**What to work on:** I would like the lines below, from the one with "Папка-планшет STAFF, А4" through the one with "A typical STRIPED", copied exactly and without any pictures.

**Exercise data:**
--- START ---

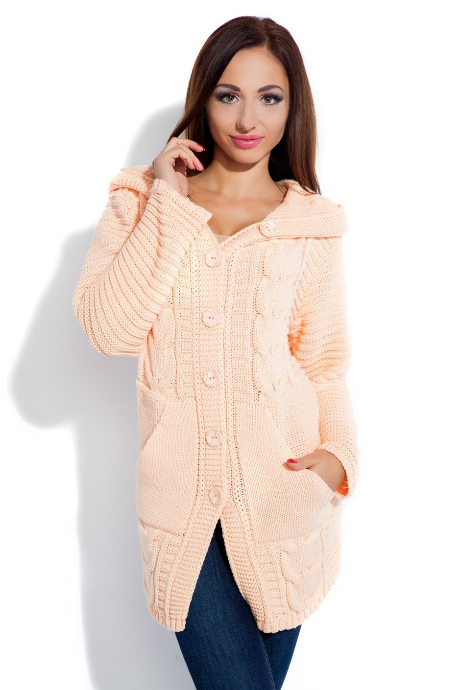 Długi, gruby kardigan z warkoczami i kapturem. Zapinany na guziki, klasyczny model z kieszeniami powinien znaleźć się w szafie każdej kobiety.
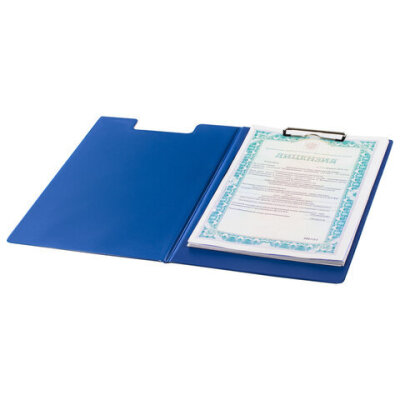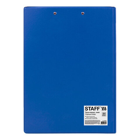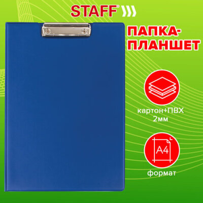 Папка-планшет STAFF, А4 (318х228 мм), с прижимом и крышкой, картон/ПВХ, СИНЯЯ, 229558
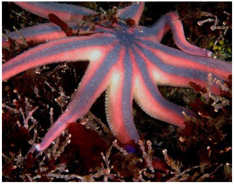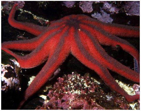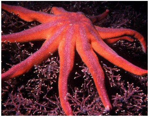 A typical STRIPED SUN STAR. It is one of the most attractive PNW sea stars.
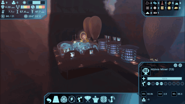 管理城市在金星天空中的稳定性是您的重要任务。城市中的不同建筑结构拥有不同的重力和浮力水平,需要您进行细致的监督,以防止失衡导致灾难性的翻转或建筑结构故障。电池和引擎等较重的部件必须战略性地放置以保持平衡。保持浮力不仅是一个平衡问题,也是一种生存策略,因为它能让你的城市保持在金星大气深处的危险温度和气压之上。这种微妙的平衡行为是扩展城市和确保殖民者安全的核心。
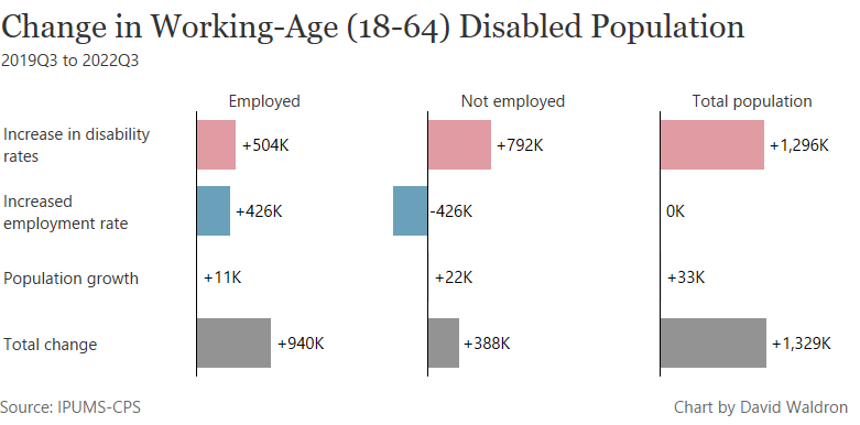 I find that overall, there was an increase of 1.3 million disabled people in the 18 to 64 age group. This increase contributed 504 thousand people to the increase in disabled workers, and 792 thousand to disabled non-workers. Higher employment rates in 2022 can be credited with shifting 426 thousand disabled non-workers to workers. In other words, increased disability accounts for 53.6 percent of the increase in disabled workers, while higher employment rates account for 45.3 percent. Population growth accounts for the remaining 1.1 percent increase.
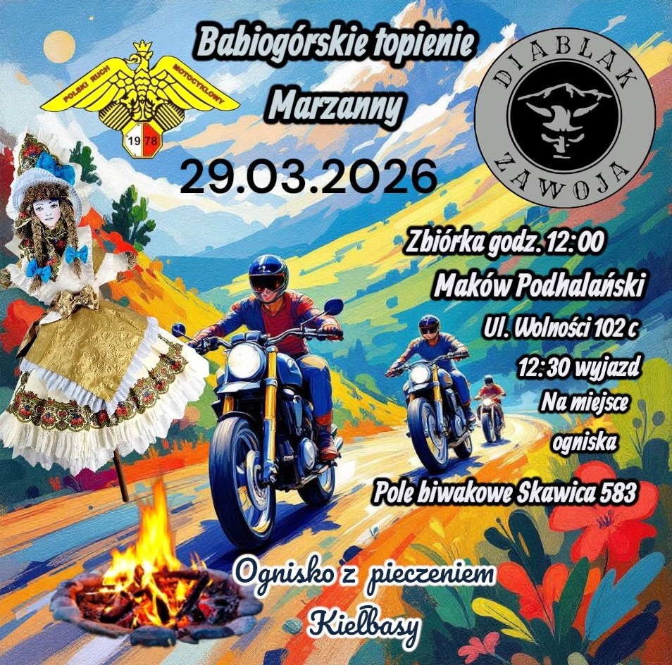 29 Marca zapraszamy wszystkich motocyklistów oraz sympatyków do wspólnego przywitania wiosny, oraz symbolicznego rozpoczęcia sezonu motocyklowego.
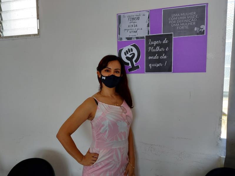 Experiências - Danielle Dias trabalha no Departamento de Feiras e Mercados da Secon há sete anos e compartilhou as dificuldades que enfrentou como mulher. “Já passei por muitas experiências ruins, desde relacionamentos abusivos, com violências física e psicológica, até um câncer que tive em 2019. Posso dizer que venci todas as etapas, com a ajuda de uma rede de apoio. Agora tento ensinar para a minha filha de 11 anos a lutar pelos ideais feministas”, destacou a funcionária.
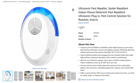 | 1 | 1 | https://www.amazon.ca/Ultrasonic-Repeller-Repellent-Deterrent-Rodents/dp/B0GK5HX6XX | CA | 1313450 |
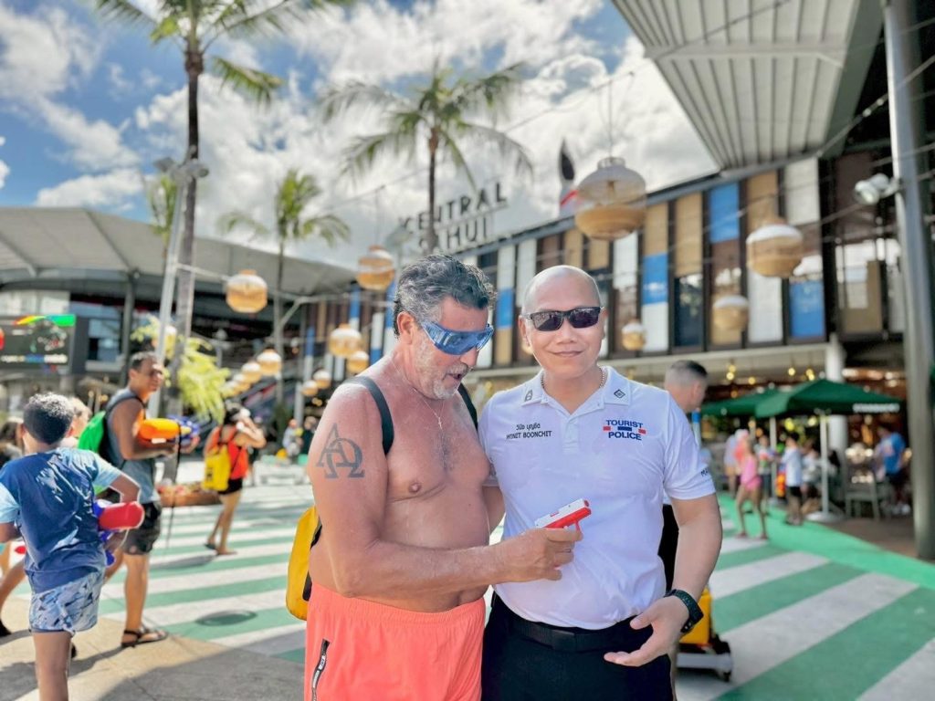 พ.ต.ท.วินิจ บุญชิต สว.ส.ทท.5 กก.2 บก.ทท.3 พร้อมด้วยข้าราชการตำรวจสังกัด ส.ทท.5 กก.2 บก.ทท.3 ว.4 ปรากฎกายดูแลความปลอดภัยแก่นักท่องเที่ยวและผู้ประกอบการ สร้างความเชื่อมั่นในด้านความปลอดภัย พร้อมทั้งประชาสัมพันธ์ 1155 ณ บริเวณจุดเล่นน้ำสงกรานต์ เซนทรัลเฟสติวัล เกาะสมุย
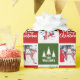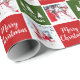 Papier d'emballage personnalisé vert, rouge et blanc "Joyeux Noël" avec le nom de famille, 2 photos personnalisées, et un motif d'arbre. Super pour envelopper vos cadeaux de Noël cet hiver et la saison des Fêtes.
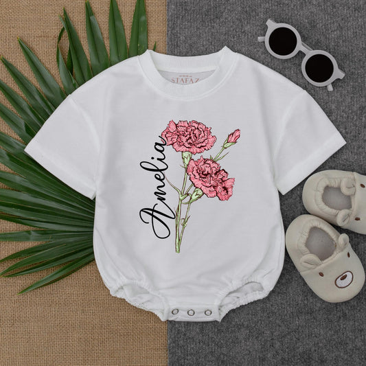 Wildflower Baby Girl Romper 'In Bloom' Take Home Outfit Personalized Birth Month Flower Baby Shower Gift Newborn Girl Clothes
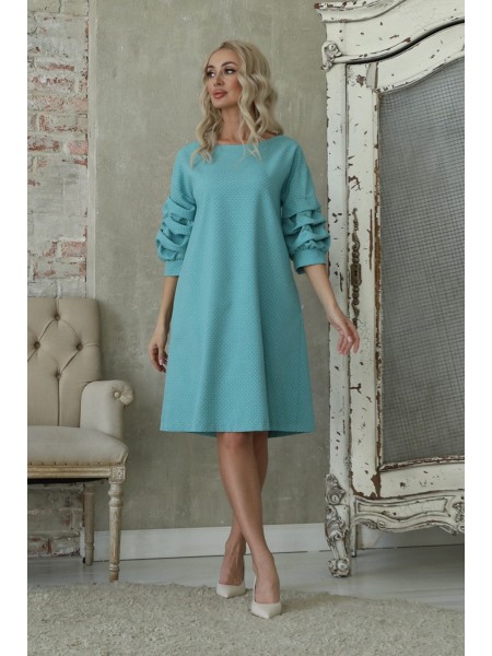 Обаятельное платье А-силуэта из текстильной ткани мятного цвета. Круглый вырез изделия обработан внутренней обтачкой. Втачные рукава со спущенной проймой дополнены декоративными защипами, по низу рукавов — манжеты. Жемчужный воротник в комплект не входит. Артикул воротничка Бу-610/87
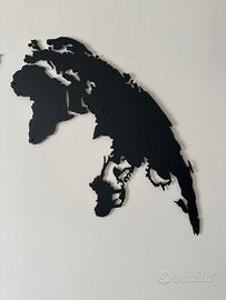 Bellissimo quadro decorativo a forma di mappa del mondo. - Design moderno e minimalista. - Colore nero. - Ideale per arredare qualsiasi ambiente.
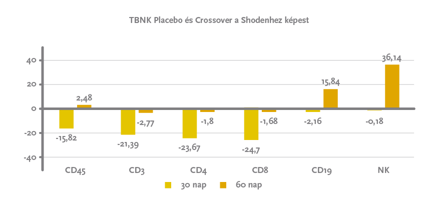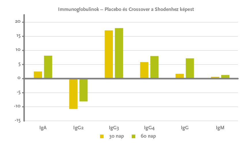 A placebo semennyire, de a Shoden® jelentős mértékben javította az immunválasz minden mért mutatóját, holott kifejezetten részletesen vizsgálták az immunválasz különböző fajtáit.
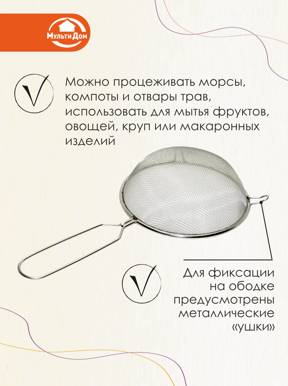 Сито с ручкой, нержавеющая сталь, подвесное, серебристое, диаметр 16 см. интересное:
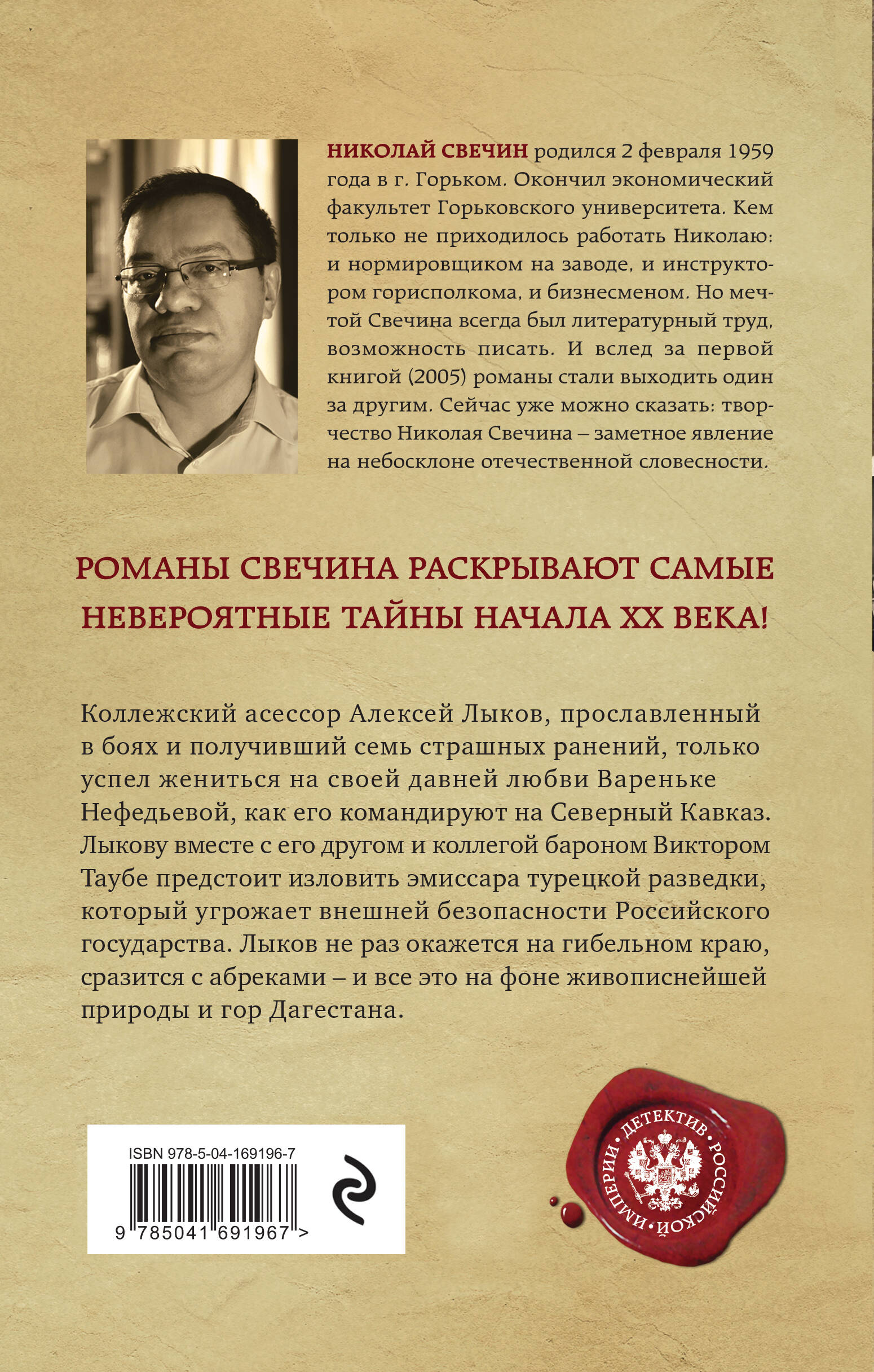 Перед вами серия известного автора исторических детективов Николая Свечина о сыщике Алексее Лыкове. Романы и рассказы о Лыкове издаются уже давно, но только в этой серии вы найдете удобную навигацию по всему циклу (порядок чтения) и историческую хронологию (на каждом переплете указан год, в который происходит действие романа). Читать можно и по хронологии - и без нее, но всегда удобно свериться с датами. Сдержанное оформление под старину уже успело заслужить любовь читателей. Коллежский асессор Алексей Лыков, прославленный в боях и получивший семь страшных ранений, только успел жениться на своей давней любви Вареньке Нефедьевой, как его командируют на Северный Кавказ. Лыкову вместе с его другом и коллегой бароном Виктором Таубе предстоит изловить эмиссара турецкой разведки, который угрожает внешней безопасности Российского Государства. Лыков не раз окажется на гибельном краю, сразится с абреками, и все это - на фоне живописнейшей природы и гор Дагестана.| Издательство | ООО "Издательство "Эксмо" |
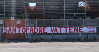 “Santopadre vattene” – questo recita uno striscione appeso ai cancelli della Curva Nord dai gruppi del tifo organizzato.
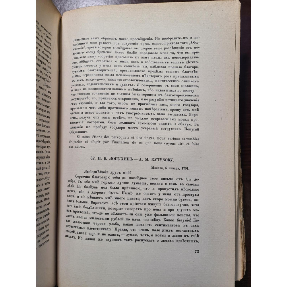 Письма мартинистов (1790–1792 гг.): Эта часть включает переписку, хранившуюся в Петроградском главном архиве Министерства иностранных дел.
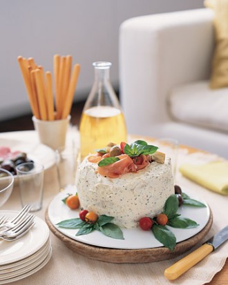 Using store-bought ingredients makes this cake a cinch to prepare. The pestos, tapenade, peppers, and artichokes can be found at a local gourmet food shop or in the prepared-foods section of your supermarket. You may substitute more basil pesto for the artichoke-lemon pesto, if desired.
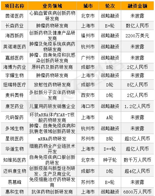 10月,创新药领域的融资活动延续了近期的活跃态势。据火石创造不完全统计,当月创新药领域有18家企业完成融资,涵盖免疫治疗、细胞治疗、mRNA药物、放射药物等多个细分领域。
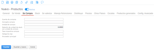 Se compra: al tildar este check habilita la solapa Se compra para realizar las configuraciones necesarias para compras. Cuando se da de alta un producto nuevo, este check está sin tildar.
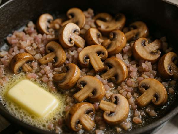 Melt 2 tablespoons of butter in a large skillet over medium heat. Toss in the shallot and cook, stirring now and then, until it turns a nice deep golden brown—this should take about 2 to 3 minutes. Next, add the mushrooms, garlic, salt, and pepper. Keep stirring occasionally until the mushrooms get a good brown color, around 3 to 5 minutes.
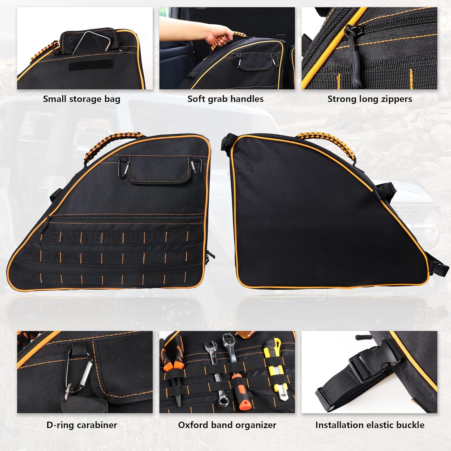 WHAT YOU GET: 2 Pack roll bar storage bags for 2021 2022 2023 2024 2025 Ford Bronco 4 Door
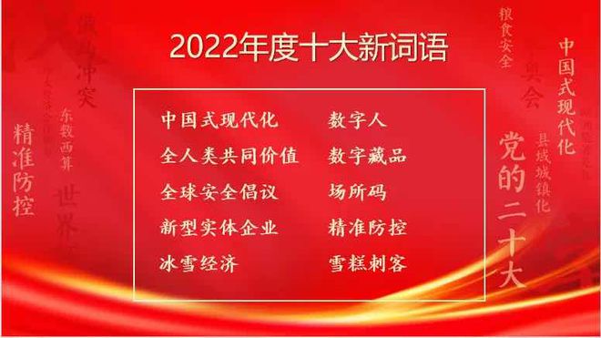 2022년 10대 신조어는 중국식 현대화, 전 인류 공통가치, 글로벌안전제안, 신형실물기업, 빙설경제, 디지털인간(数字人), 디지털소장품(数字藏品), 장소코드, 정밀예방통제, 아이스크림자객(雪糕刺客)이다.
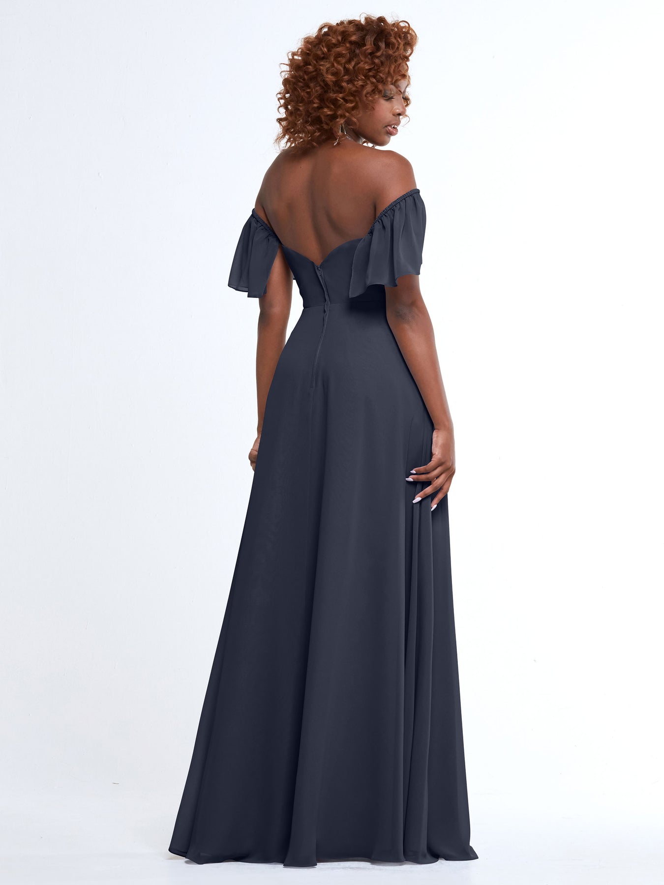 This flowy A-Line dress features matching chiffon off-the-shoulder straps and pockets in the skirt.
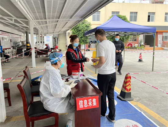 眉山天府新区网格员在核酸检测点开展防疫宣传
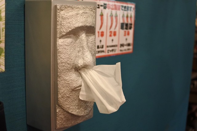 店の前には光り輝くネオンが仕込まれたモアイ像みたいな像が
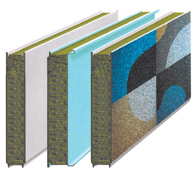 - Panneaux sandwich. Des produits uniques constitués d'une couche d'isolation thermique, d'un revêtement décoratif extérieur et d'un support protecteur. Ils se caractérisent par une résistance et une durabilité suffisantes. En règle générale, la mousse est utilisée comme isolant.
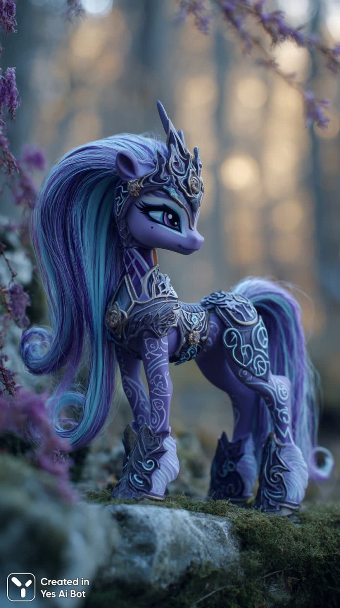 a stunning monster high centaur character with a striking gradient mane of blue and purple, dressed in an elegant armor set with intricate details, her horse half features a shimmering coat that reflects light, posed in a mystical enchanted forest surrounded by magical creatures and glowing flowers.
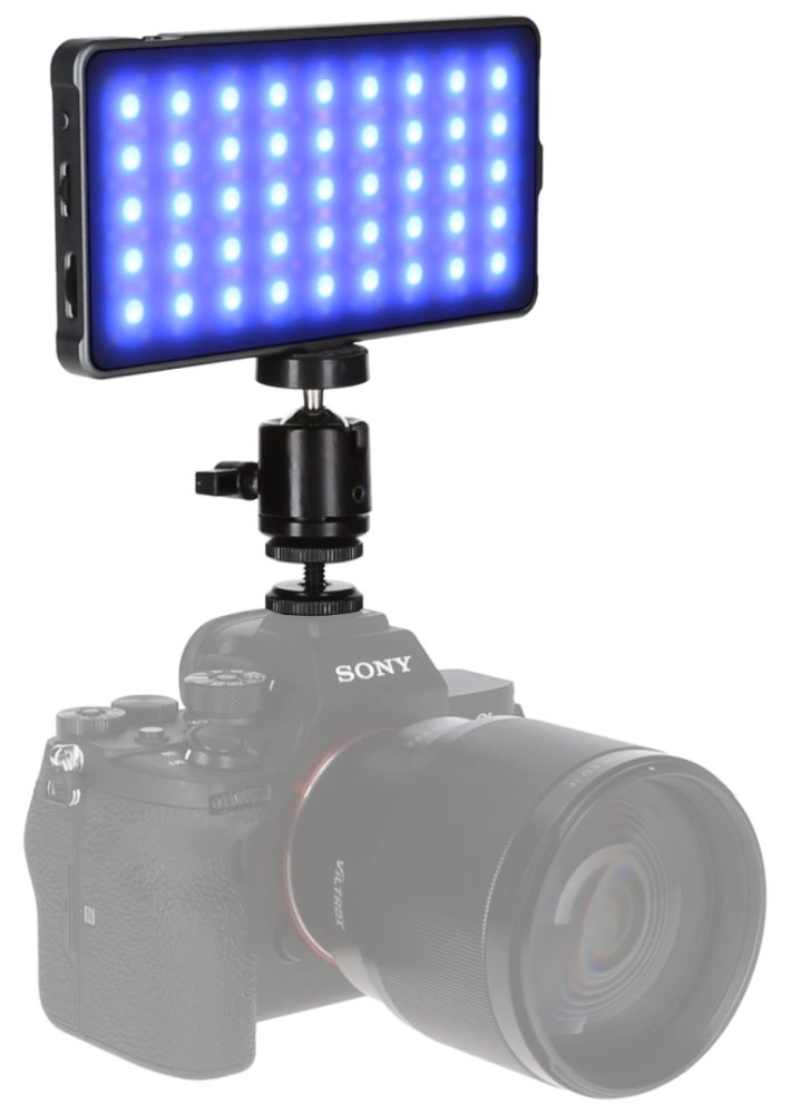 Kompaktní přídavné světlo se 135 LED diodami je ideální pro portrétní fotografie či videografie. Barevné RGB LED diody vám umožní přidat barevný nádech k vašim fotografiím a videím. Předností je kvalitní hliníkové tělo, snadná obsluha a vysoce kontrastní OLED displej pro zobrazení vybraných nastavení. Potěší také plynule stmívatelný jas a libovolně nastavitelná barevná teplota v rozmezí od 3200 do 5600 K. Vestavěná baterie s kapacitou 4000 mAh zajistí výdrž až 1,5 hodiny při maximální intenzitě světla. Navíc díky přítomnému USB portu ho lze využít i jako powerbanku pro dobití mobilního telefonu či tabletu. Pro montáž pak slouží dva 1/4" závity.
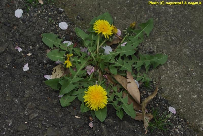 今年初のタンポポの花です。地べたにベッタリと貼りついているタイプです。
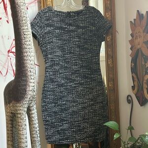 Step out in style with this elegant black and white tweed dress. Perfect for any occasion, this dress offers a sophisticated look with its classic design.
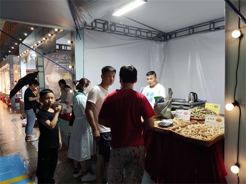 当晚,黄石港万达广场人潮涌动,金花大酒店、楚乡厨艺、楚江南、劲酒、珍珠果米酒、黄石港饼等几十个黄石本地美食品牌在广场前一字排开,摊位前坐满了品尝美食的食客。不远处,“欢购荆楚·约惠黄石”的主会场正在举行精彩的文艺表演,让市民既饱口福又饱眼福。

--- END ---

**Result of the exercise:**
 Папка-планшет STAFF, А4 (318х228 мм), с прижимом и крышкой, картон/ПВХ, СИНЯЯ, 229558
 A typical STRIPED SUN STAR. It is one of the most attractive PNW sea stars.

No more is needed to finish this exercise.